ADAC air rescue testing manned multicopters in emergency medical services
- ADAC foundation supports feasibility study for model regions in Bavaria and Rhineland Palatinate
- Pilot project with manned multicopters manufactured by Volocopter in Bruchsal/Germany
- The object is to get emergency doctors to patients faster
(ADAC Luftrettung gGmbH) ADAC Luftrettung is the first air rescue organisation in the world to test the use of manned multicopters in emergency medical services – both in theory and in practice. The charitable company from Munich has started a feasibility study for the groundbreaking pilot project, supported by the ADAC foundation. For this purpose, two model regions have been selected in Germany: the emergency service area of Ansbach with the Dinkelsbühl HEMS base in Bavaria, and the State of Rhineland Palatinate.
Starting in the spring of 2019, the Institut für Notfallmedizin und Medizinmanagement (INM, Institute for Emergency Medicine and Medical Management) at Ludwig Maximilian University in Munich will computer-simulate aeromedical missions using Volocopters for both regions. Volocopters, manufactured by the company of the same name in Bruchsal/Germany, are novel vertical take-off and landing craft which are based on drone technology and electric-powered. Within the framework of the pilot project, they will be specifically adapted for emergency services and used as air shuttles for emergency doctors. The object is to get the physician to the patient faster than rapid response vehicles can to provide better care.
Initial research flights will be carried out in just a few months’ time. The first results showing the potential usability and the cost-effectiveness of such aircraft in emergency medical services are planned for the autumn/winter of 2019.
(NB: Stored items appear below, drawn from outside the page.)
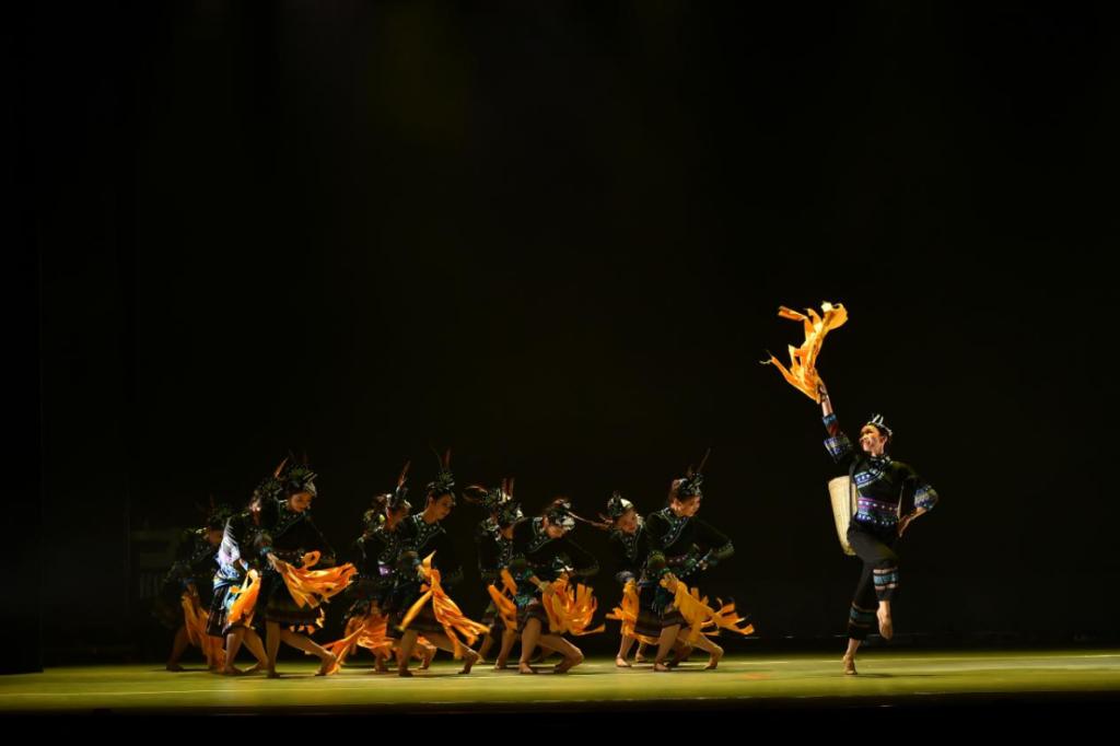 由伍彦谚、程思琰创作的苗族女子群舞《稻香十八洞》,以精准帮扶首倡地 “十八洞” 的山乡巨变作为宏大背景,巧妙汲取苗族非遗 “绺巾舞” 的动作元素。金色绺巾在舞者们手中缠裹、抛洒、拧摆、拂扫,生动描绘出 “稻田欢歌盈四野,金穗摇曳乐丰年” 的苗疆振兴景象,彰显出当代苗乡的昂扬正气,大力弘扬了十八洞的精神风骨。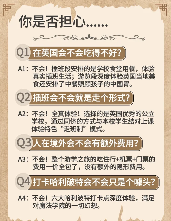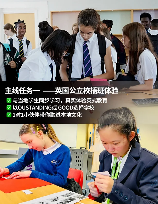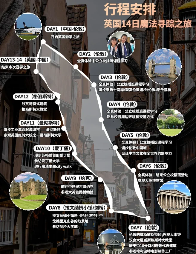 😱太绝了这条游学路线,沉浸插班体验+魔法寻踪之旅 【全真2线-伦敦学校插班生+苏格兰魔法寻踪游学项目🎓】爆满预警!! - 主线任务1⃣,插班体验+名校参访 ✔选择英国教育局评级在Outstanding和Good的英国公立学校,在学期中插班体验当地教育模式,为孩子1对1匹配当地的学伴,体验特色“走班制”。 ✔深度访学牛津大学、剑桥大学、爱丁堡大学、曼彻斯特大学,感受浓郁的学术氛围,在心里埋下梦中情学的种子。 - 主线任务2⃣,city walk+魔法寻踪 ❌不搞噱头,别人在影院观看哈利波特的时候,我们已经在伦敦各个角落漫步,寻找《哈里波特》留下的魔法印记了~ ✔格洛断特大教堂:霍格沃茨学院的走廊 ✔爱丁堡大学:《哈利波特》的诞生地以及小说相关灵感来源 ✔干禧桥:食死徒入侵麻瓜世界的入口 ✔拉文纳姆小镇:哈利出生的地方,一切冒险的起源 ✔肉铺街:对角巷取景地,巫师们聚集购买装备的地方 ✔大英铁路博物馆:你可以找到霍格沃茨号列车的原型 …… 【霍格沃茨入学指南】 ✅年龄:12-16周岁 ✅天数:14天12晚 ✅费用:餐饮+酒店+机票+门票+签证,全包! - 点击【立即咨询】念出咒语急急现形🪄 了解更详细的时间安排➕具体路线➕食宿情况➕费用等信息 还有早鸟价zui高💥-2000的优惠可领取噢! 一次深度游学,可能比课堂更生动、比旅行更深刻 让我们一起畅游英国,来场霍格沃茨的魔法之旅吧~🧚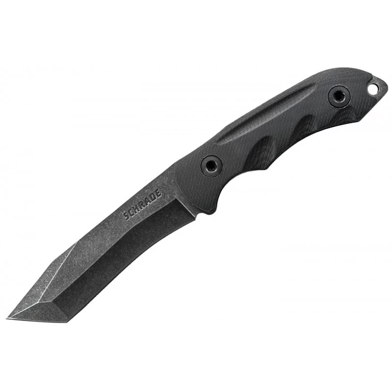 Le Schrade SCHF12 est un couteau fixe, type poignard, convenant pour les applications tactiques ou encore la survie, le bushcraft. Sa lame fixe de construction pleine soie mesure 124mm de longueur, elle est de forme tanto et fabriquée en acier inoxydable 8Cr13MoV, avec une belle finition black stonewashed. Idéale pour perforer ou encore couper, elle est également marquée par l’inscription SCHRADE. La poignée est conçue en G10 noir, matériau léger et très résistant, pour une excellente durabilité. Un trou dans le manche en bout permet de transporter le couteau plus facilement à l’aide d’un cordon par exemple.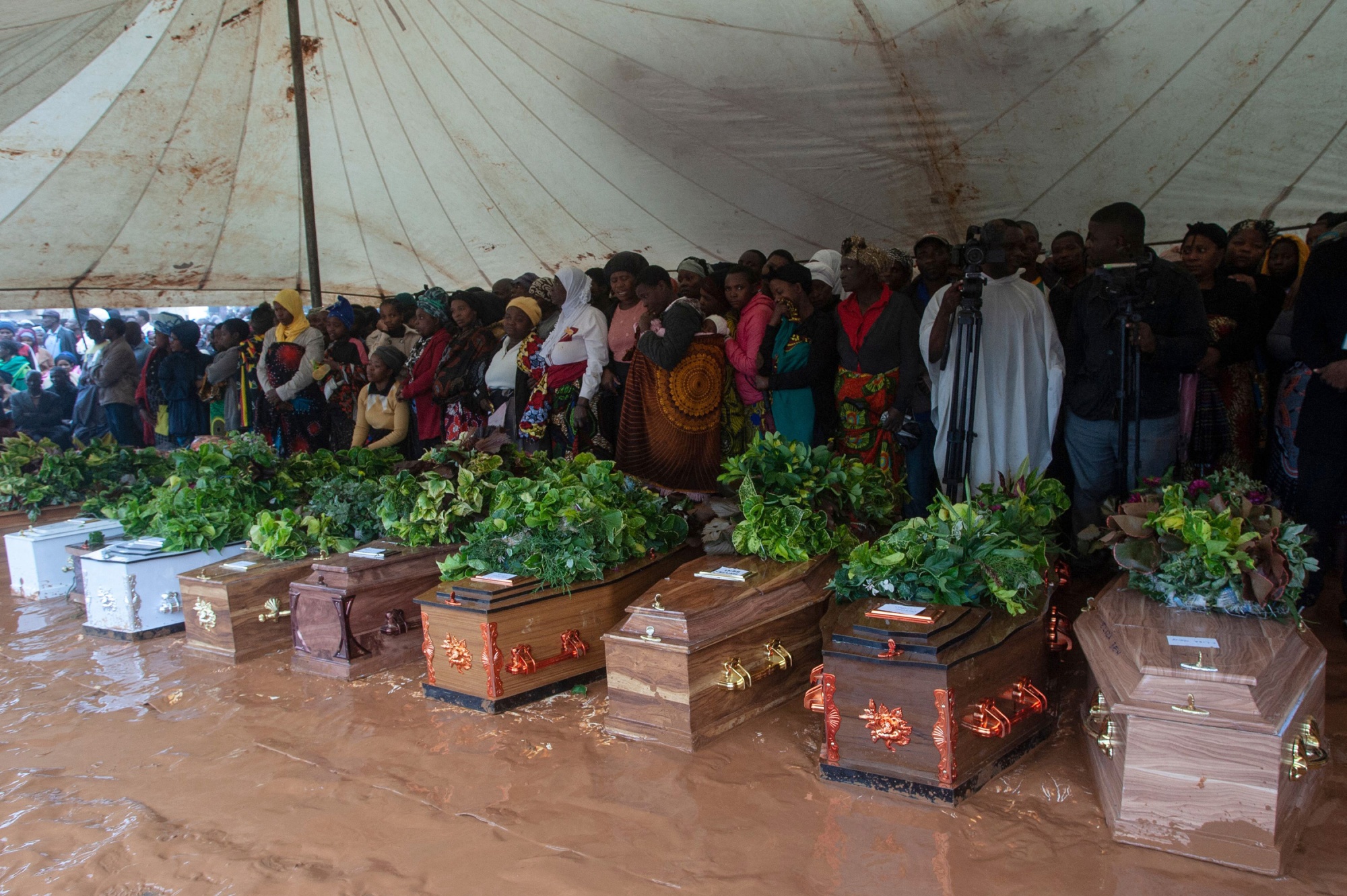 在马拉维的布兰太雷,悼念者们在3月15日为泥石流受害者举行大规模葬礼。摄影师:阿莫斯·古穆利拉/法新社/盖蒂图片社在二月和三月,异常强大且持续时间长的强热带气旋弗雷迪引发了马拉维、莫桑比克和马达加斯加的洪水、山体滑坡和强风,造成了200多人死亡。气候变化使暴雨更加猛烈,气旋更加强烈,这是由于海洋变暖增加的能量。总体而言,非洲今年迄今为止至少有15,700人死于极端天气,最近一场在非洲之角的干旱导致超过2300万人面临粮食不安全。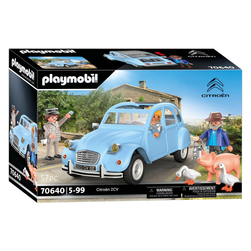 De speelgoedset bevat een Citroën 2CV van PLAYMOBIL, drie PLAYMOBIL-figuren, een varken, twee ganzen, twee melkkannen, koplampen en nog veel meer leuke extra's. Een perfect cadeau voor autoliefhebbers en nostalgiefans.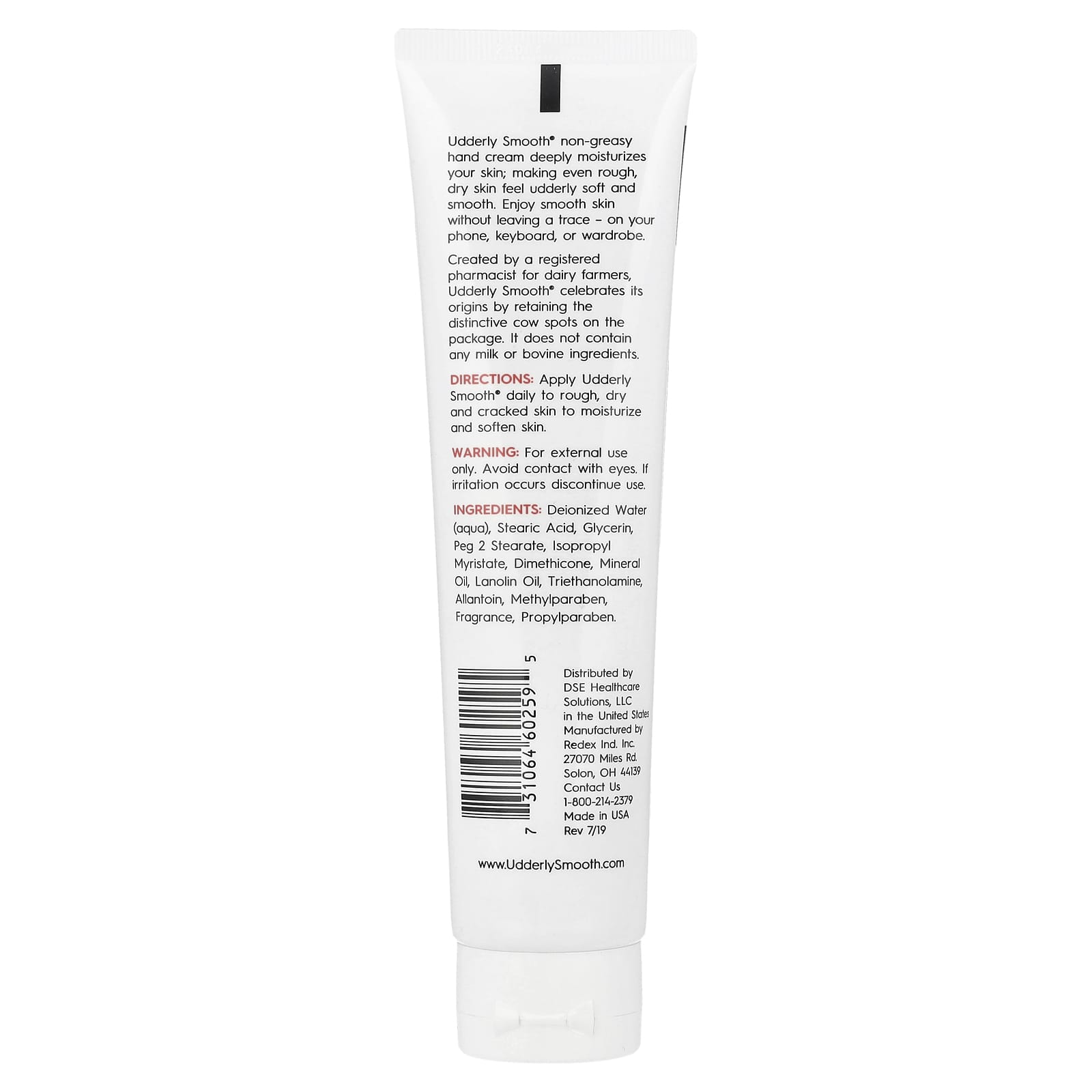 Изначально созданная зарегистрированным фармацевтом для молочных фермеров, компания Udderly Smooth® гордится своим происхождением, сохраняя характерные коровьи пятна на упаковке. Не содержит молока или каких-либо ингредиентов бычьего происхождения.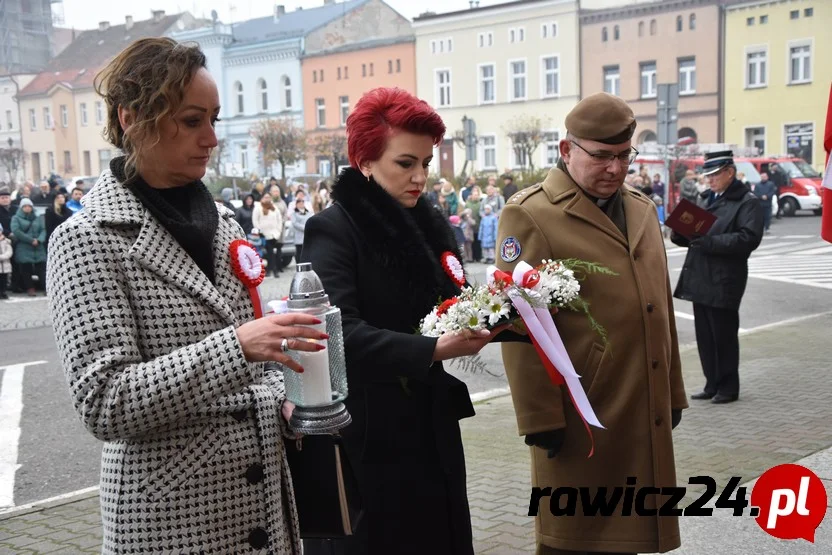 Główna uroczystość odbyła się przed budynkiem urzędu miejskiego, na którym znajduje się tablica upamiętniająca tych, którzy polegli w walce o niepodległość. Prowadził ją Rafał Sołtysiak, a pierwszym ważnym momentem było wspólne odśpiewanie "Mazurka Dąbrowskiego".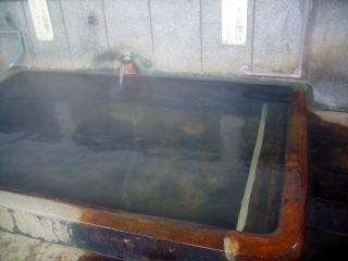 男女別の浴室にはコンクリ製で4,5人入れる内湯が一つあるのみ。そこに豪快に源泉がパイプから注がれています。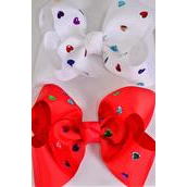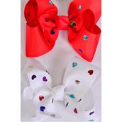 Hair Bow Jumbo Metallic Heart Studded Grosgrain Bow-tie Red White Color Mix / 12 pcs Bow = Dozen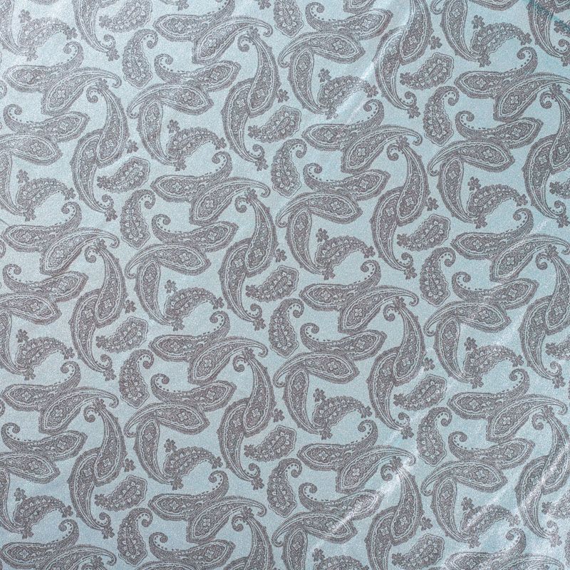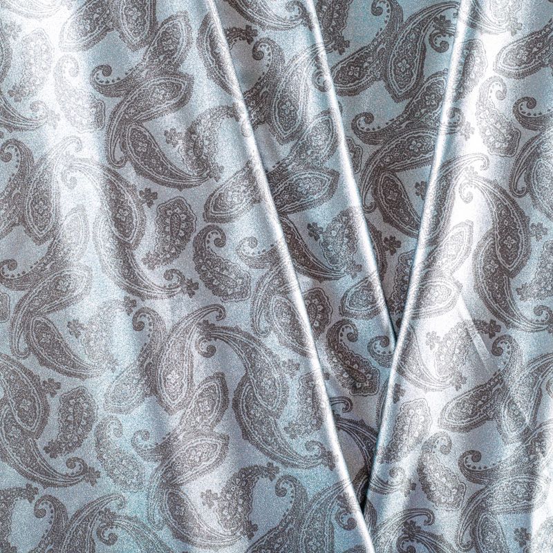Итальянский бифлекс с монохромным орнаментом пейсли. Поверхность ткани с блеском и гладкая. Отлично тянется, одежда из него не сковывает движения. Хорошо впитывает влагу и быстро высыхает, не вызывет аллергии и раздражения. Используется для пошива эстрадных, спортивных костюмов, купальников, боди.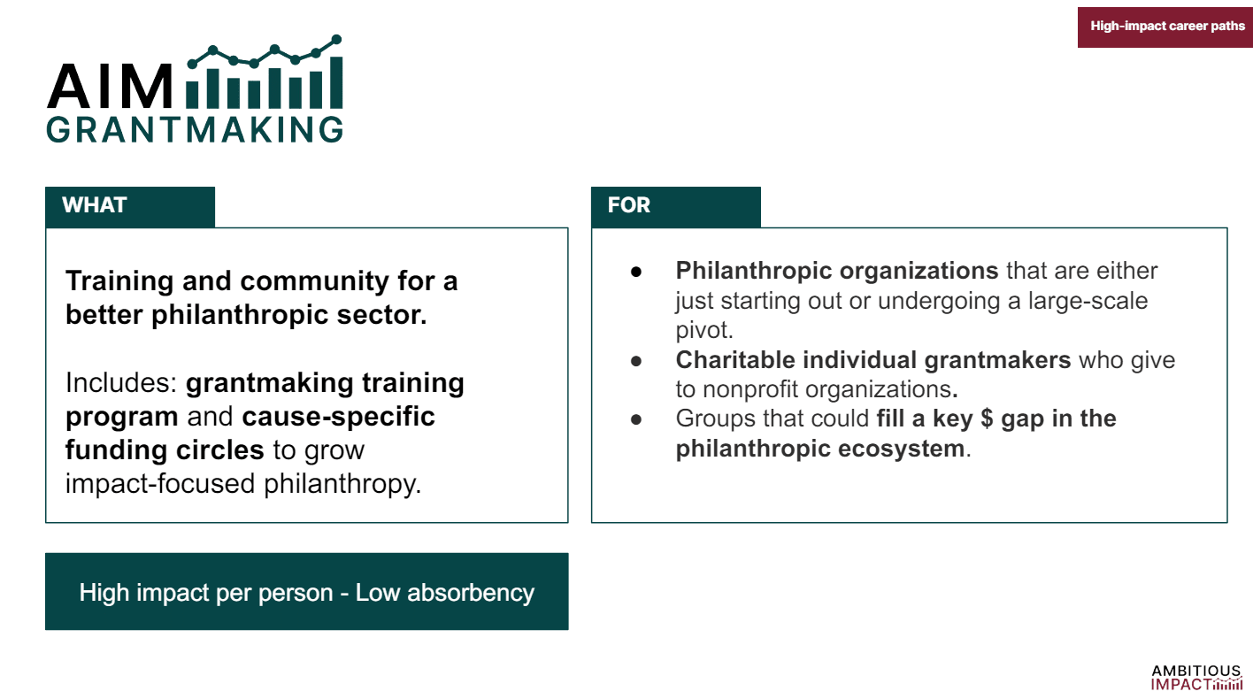 As a result, we set up this grant making program. It's a good fit for philanthropic organizations, individual grant makers, high-net-worths who all want to give more money effectively. You can already guess the problem with this though; extremely low absorbency. At the end of the day, there's not that many grantmakers who are just starting out and excited to change their pathway dramatically, or that many high-net-worths who are giving a bunch of money and want to fill key ecosystem gaps. This is a great place to build an on-ramp that helps absorb maybe 12 people a year.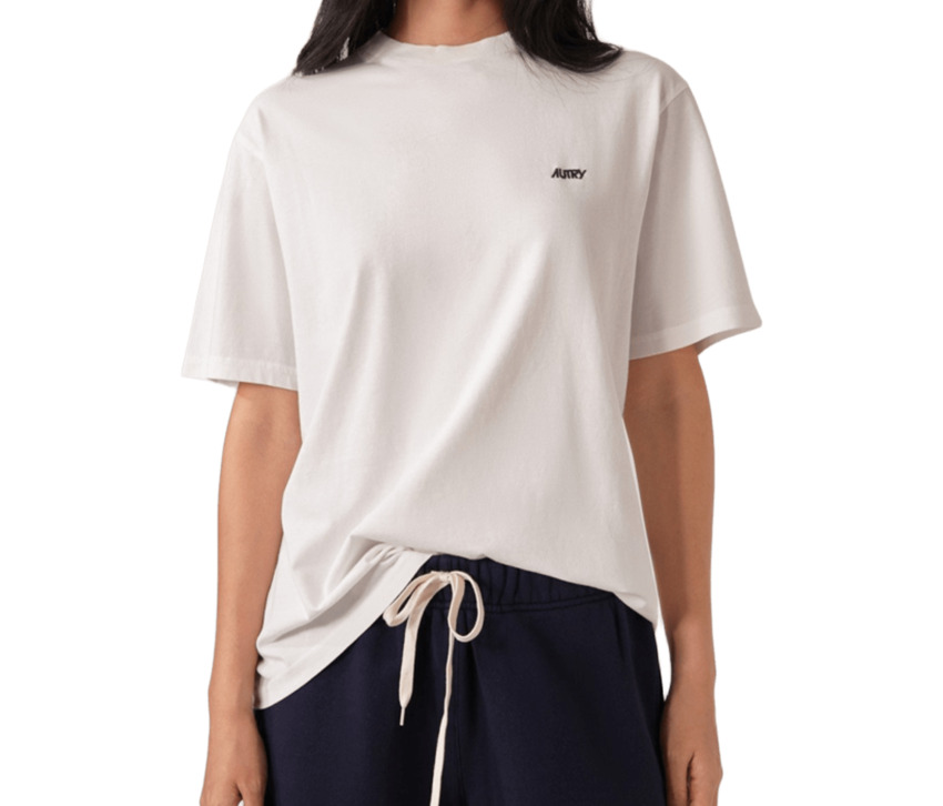 T- shirt da donna, girocollo con colletto a costine e cucitura a doppio ago

“The Volocopter is based on a technical platform permitting its diverse and reliable use as an air taxi, heavy lifting drone, or in rescue missions,” says Florian Reuter, CEO of Volocopter. “I firmly believe in the Volocopter’s potential for large-scale use as an air shuttle for emergency doctors, and I look forward to our joint systematic validation with ADAC air rescue.”
Frédéric Bruder, Managing Director of ADAC air rescue, regards this study as the dawn of a new age in air rescue. “50 years ago, ADAC was among the first in Germany to field test the use of rescue helicopters. Consequently, it is only logical for us to be the first to lead German air rescue into the future with new technologies.”
Scheduled for 1.5 years, the feasibility study will cost approx. €500,000. The charitable ADAC foundation is supporting the study in connection with its funding priority of rescue in life-threatening situations. “Our goal in supporting this project is to improve emergency medical care, thereby making an important contribution to the future of the EMS system,” explains Dr Andrea David, Managing Director of the ADAC foundation. Scientific support for the project comes from the German Aerospace Center (DLR) with whom ADAC air rescue has already cooperated in research and development.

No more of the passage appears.